Supreme Court returns to firearms fray

ByABC News
September 30, 2009, 12:15 PM

WASHINGTON -- The U.S. Supreme Court announced Wednesday it will return to the controversy over individual gun rights by hearing an appeal from a group of firearms owners in Chicago.

They are challenging a lower appeals court ruling that said the Second Amendment guarantees an individual right to guns only in the face of federal regulation, not against state and municipal restrictions.

Included among 10 new disputes the justices added to their calendar Wednesday for the upcoming 2009-10 term, which begins next Monday, the guns case brings the court back to a sensational topic that pits uniquely American notions of frontier liberty against contemporary worries over urban violence.

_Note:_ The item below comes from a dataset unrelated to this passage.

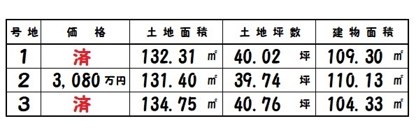 | 所在地 | 土地面積/坪数 | 総区画数 | 建物面積 | 建築年月 | 価格 |

When the justices heard a case on the subject in March 2008, people began lining up in front of the court's columned building two days early for a seat.

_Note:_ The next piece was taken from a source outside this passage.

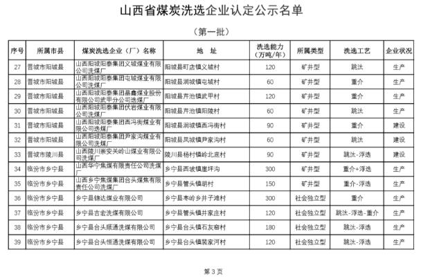 日前,省能源局公布了第一批山西煤炭洗选企业认定名单,涉及7个地市65家企业入选。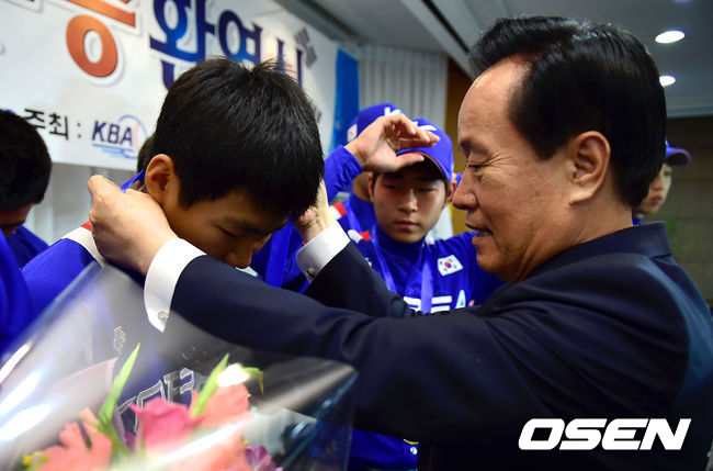 KBA 이병석 회장이 청소년 대표팀 선수들에게 메달을 걸어주고 있다.

The new dispute began in Chicago, which has a handgun ban similar to a Washington, D.C., ordinance that the Supreme Court struck down in June 2008 as a violation of the Second Amendment. In the 2008 case, District of Columbia v. Heller, the Supreme Court for the first time declared an individual right to firearms for self-defense and rejected a prevailing lower court view that the Second Amendment applied only to state "militia," such as National Guard units.

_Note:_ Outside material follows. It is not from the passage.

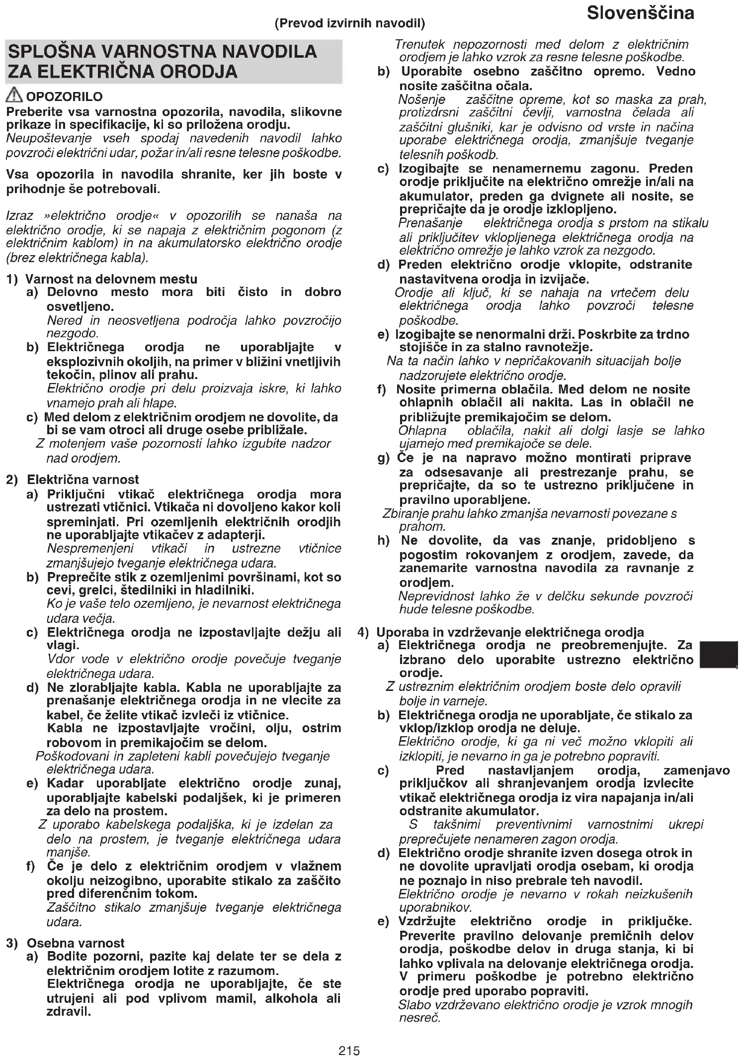 a) Bodite pozorni, pazite kaj delate ter se dela z električnim orodjem lotite z razumom. Električnega orodja ne uporabljajte, če ste utrujeni ali pod vplivom mamil, alkohola ali zdravil. (Prevod izvirnih navodil) 00BookG3612DVEEU.indb21500BookG3612DVEEU.indb215 2022/08/3016:26:322022/08/3016:26:32216 Slovenščina f) Rezalno orodje naj bo ostro in čisto. Pravilno vzdrževano rezalno orodje z ostrimi robovi se manj pogosto zatika in je lažje vodljivo. g) Električno orodje, pribor, vsadna orodja in podobno uporabljajte v skladu s temi navodili, pri čemer upoštevajte delovne pogoje in dejavnost, ki jo boste opravljali. Uporabo električnega orodja v druge namene lahko privede do nevarne situacije. h) Ročaji in prijemalne površine naj bodo suhe, čiste in brez olja in masti. Spolzki ročaji in prijemalne površine ne omogočajo varnega ravnanja in nadzora orodja v nepričakovanih situacijah.

But the 5-4 decision left open a crucial question that could have more practical consequences for gun owners and for the states that would regulate them: Does the Second Amendment apply to the states and localities as it does to federal jurisdiction of Washington, D.C.?

Because the Supreme Court has so rarely taken up Second Amendment cases, the amendment's coverage in the states has never been fully determined unlike the breadth of many of the other of the first 10 amendments to the Constitution, known as the Bill of Rights.

Thirty-four states had asked the Supreme Court to take up the gun advocates' appeals and a separate one filed by the National Rifle Association against Chicago. (The justices did not act on that petition Wednesday.)